Selon cet homme rôdé dans les activités bancaires, l’accès aux informations en rapport avec la gestion financière des fonds publics est incontournable pour une bonne gouvernance réussie. « Le public doit être pleinement informé de l’activité financière passée, présente, prévue et sur les risques financiers », a-t-il rappelé.
Le renforcement des institutions de lutte contre la corruption et les malversations économiques reste une nécessité pour une bonne gouvernance dans le secteur public.
Les défis persistent malgré un arsenal juridique parfait
Depuis des années, le Burundi a fait des avancées importantes au niveau du cadre légal régissant la gestion financière de l’Etat. Tour à tour, Nimpe a passé en revue les instruments juridiques mis en place pour soutenir une gestion financière de qualité, entre autres le décret n0 100/168 du 31 décembre 2004 portant approbation du plan budgétaire et comptable de l’Etat, l’existence d’un code des marchés publics, d’une loi organique relative aux finances publiques considérée comme une constitution financière. Au-delà des textes législatifs, cet expert a souligné l’existence des institutions de surveillance et de contrôle telle que la Cour des comptes ou des structures comme la Cour Anti-corruption et la Brigade Spéciale Anti-corruption.
Cependant, des défis majeurs persistent. Le mauvais fonctionnement des structures en charge du contrôle des finances publiques, en l’occurrence la Cour des comptes et l’Inspection Générale de l’Etat est pointé du doigt. Le retard dans l’exécution budgétaire constitue aussi un défi dans la gestion des finances publiques. « Les difficultés de trésorerie de l’Etat affectent le secteur privé en cas de retard de paiement », prévient Nimpe.
Consolider le système de gestion des finances publiques
Si la Cour des comptes est l’un des instruments nationaux de lutte contre les malversations économiques, cette institution semble ne pas accomplir sa réelle fonction. Elysée Ndaye, président de la Cour des comptes indique que son institution souffre de défis qui l’empêchent d’accomplir la mission de contrôle externe. En effet, Ndaye reconnait l’incapacité de son institution à sanctionner les fautes liées à la mauvaise gestion des fonds publics.
Selon Faustin Ndikumana, président de l’Ong PARCEM, la gouvernance des finances publiques est la gouvernance de la nation même. Dans son intervention lors du forum national sur le développement du Burundi, il a rappelé que la cohésion nationale est le premier pilier du développement.

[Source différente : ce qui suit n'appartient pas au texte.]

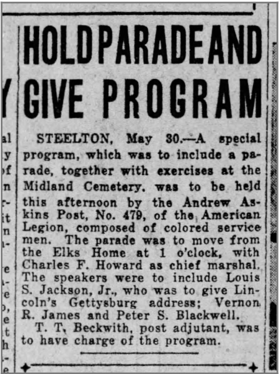 Activism: Paxton Lodge, No. 16, Masons; Swatara Lodge, No. 19, Odd Fellows; Steelton Cyclones baseball team (secretary and manager); Afro-American Republican League of Pennsylvania (president); organized and chaired committee to welcome home Black men of Steelton after World War I; Steelton Third War Republican Club; co-founded Hygienic School, Steelton.

Pour lui, il faut rassembler tous les Burundais autour d’un même objectif.
Profitant de l’occasion, Ndikumana a rappelé que la séparation des pouvoirs est essentielle pour une bonne gestion. Pour lui, il faut mettre l’homme qu’il faut à la place qu’il faut pour renforcer les services administratifs et faire une évaluation rigoureuse des réalisations de chaque membre du gouvernement.
Ndikumana n’a pas oublié de recadrer la classe politique burundaise en matière de responsabilité vis-à-vis de la chose publique. Il indique que le comportement de la classe politique doit dépasser le stade de l’opportunisme.
Agir pour remettre le bateau en équilibre
Pour Faustin Ndikumana, il est important de renforcer le principe de la recevabilité. « Il faut une action citoyenne active avec un cadre d’exigence de cette recevabilité à la base », a-t-il souligné. Il a tout de même recommandé la lutte contre le détournement des fonds publics en pointant du doigt notamment le favoritisme dans les marchés publics souvent tronqués. « Il faut réprimer les corrupteurs par une justice punitive », a-t-il insisté tout en rappelant que le renforcement des institutions de lutte contre la corruption et les malversations économiques reste une nécessité.
Dans ses recommandations, le président de la Cour des comptes a averti : « La bonne gestion ne sera pas possible tant que la reddition des comptes n’est pas effective et la reddition des comptes ne sera jamais effective tant que le contrôle externe n’est pas efficace ». Cette attention portée au renforcement des institutions de surveillance par le président de la Cour des comptes est également partagée avec Nimpe, secrétaire Exécutif de l’ABEF. Ce dernier est revenu sur la nécessité de renforcer les mécanismes de contrôle budgétaire, notamment le Parlement et la Cour des comptes.